Stored data:
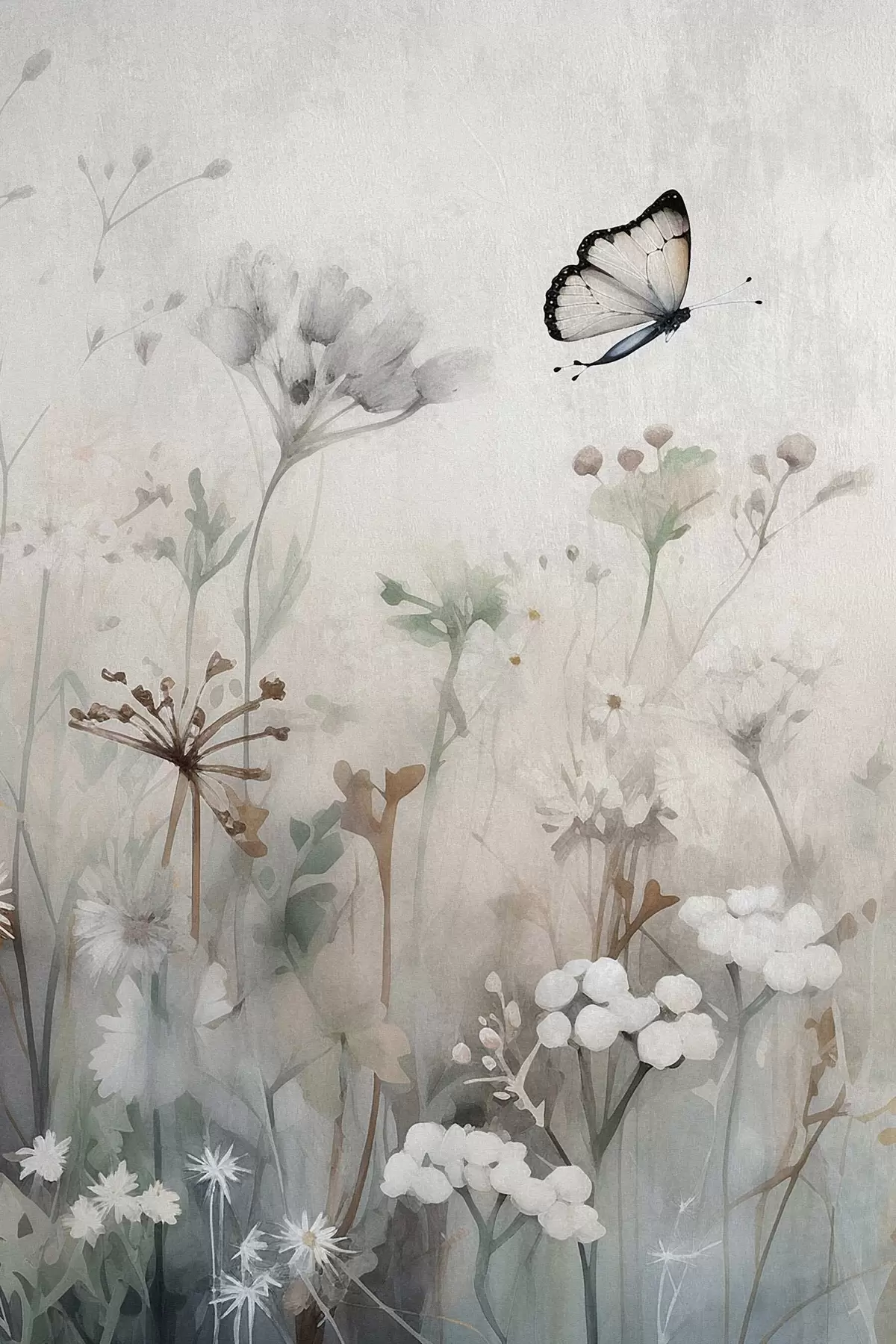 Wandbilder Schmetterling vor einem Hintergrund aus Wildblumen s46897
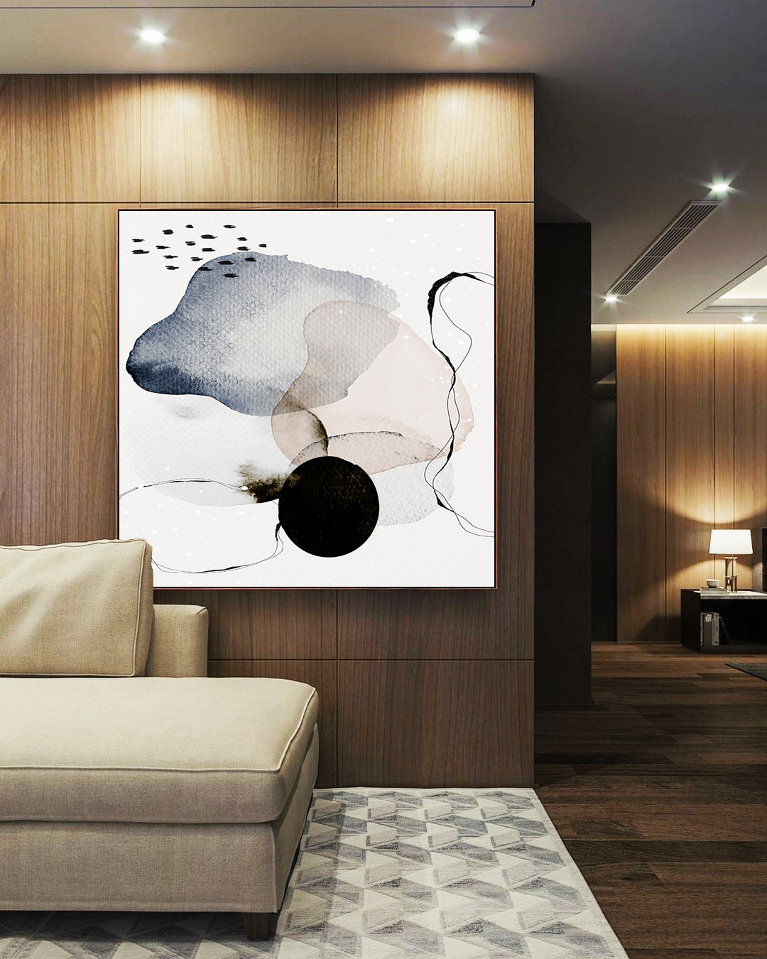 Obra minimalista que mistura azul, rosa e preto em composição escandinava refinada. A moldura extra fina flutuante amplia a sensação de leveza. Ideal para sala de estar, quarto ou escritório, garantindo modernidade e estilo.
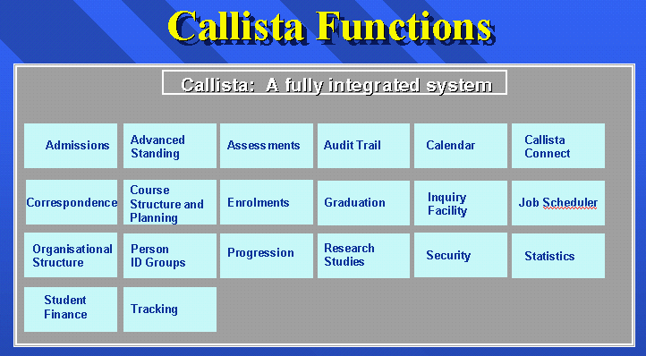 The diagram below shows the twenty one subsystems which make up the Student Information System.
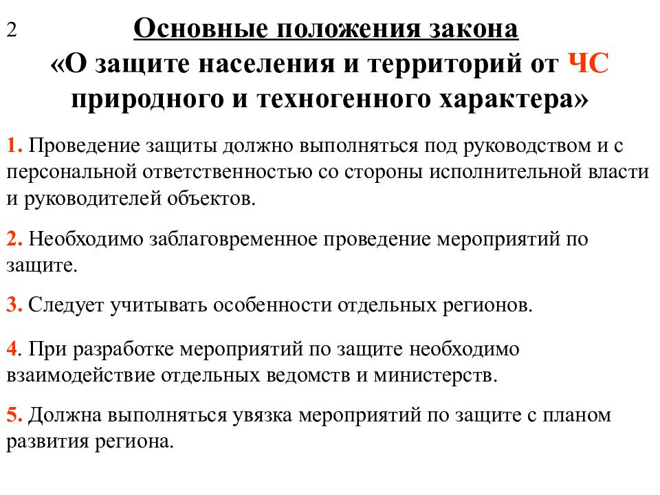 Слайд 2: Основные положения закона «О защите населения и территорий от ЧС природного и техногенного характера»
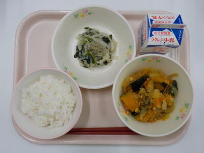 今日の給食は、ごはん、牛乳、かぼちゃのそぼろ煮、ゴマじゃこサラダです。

__Work to be completed__. Return the full set of lines above word for word and with no pictures.

__Result of this task__.
 Wandbilder Schmetterling vor einem Hintergrund aus Wildblumen s46897
 Obra minimalista que mistura azul, rosa e preto em composição escandinava refinada. A moldura extra fina flutuante amplia a sensação de leveza. Ideal para sala de estar, quarto ou escritório, garantindo modernidade e estilo.
 The diagram below shows the twenty one subsystems which make up the Student Information System.
 Слайд 2: Основные положения закона «О защите населения и территорий от ЧС природного и техногенного характера»
 今日の給食は、ごはん、牛乳、かぼちゃのそぼろ煮、ゴマじゃこサラダです。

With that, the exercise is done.